Hello, dear friend, you can consult us at any time if you have any questions, add WeChat: daixieit

Module 05 — Data Wrangling

Assignment 05

Instructions

Create a Python Notebook with your response to the following questions and ensure that you explain the results from each question. Your work must be presented neatly; include your name in the notebook and indicate which question you are answering. You are welcome (and encouraged) to use this assignment template to help with the presentation of your solution.
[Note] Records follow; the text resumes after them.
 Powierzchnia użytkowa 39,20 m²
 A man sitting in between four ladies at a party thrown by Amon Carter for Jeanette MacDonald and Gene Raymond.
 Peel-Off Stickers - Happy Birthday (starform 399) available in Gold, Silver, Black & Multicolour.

Click the following link to download the DS3000 Assignment Template.

(https://northeastern.instructure.com/courses/166788/files/25545331?wrap=1)
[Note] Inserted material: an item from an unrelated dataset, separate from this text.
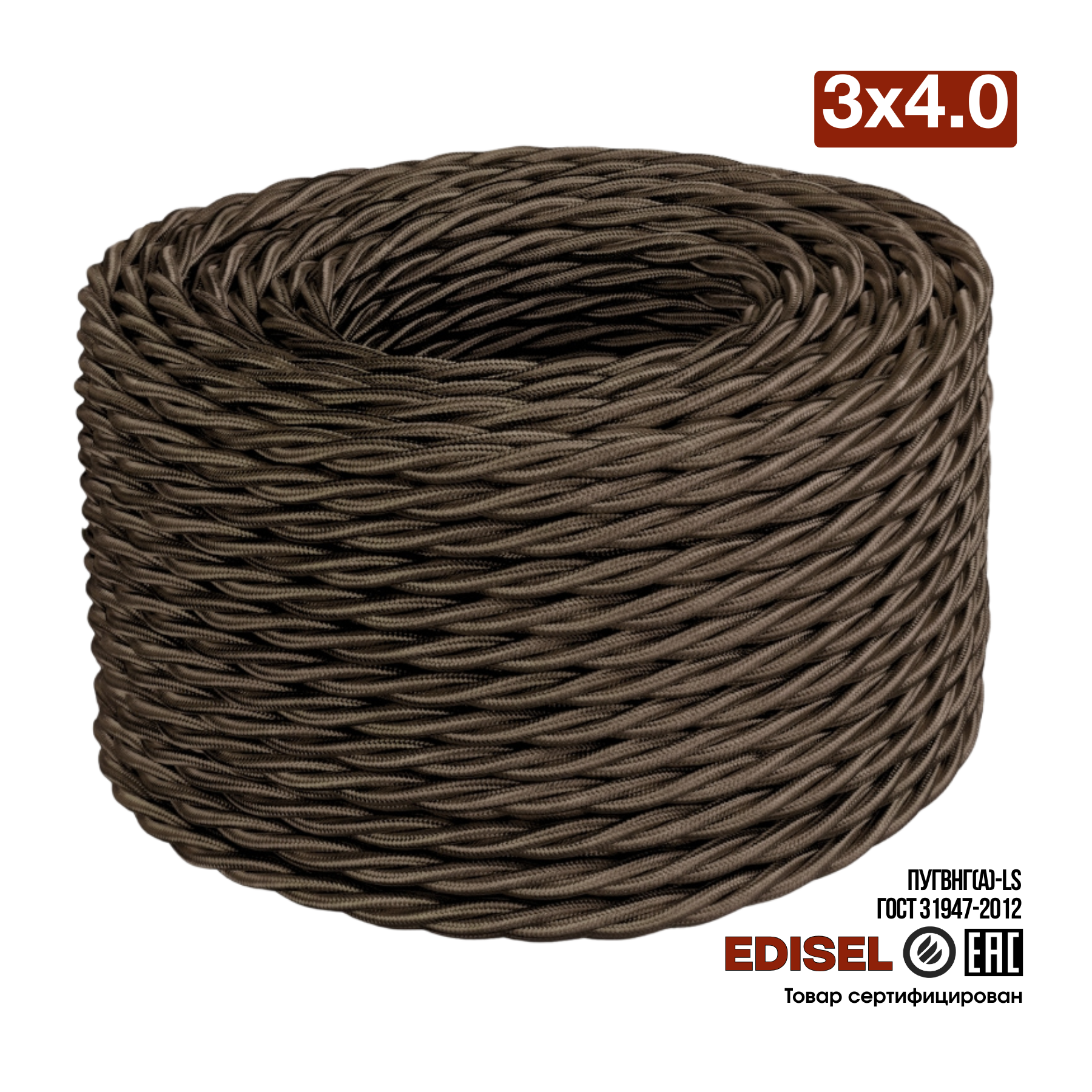 Витой ретро провод 3х4 шоколад EDISEL ПРВ (ПуГВнг(А)-LS)

Question 1: Office of Addiction Services and Support chemical dependence treatment programs (50 pts)

The Office of Addiction Services and Support publishes a dataset on reported admissions of people in certified chemical dependence treatment programs throughout New York State (NYS). This dataset includes the number of admissions to certified treatment programs aggregated by the program category, county of the program location, age group of client at admission, and the primary substance of abuse group.

For more information on the dataset, visit the following website (https://data.ny.gov/Human-Services/Chemical-Dependence-Treatment-Program-Admissions-B/ngbt-9rwf) .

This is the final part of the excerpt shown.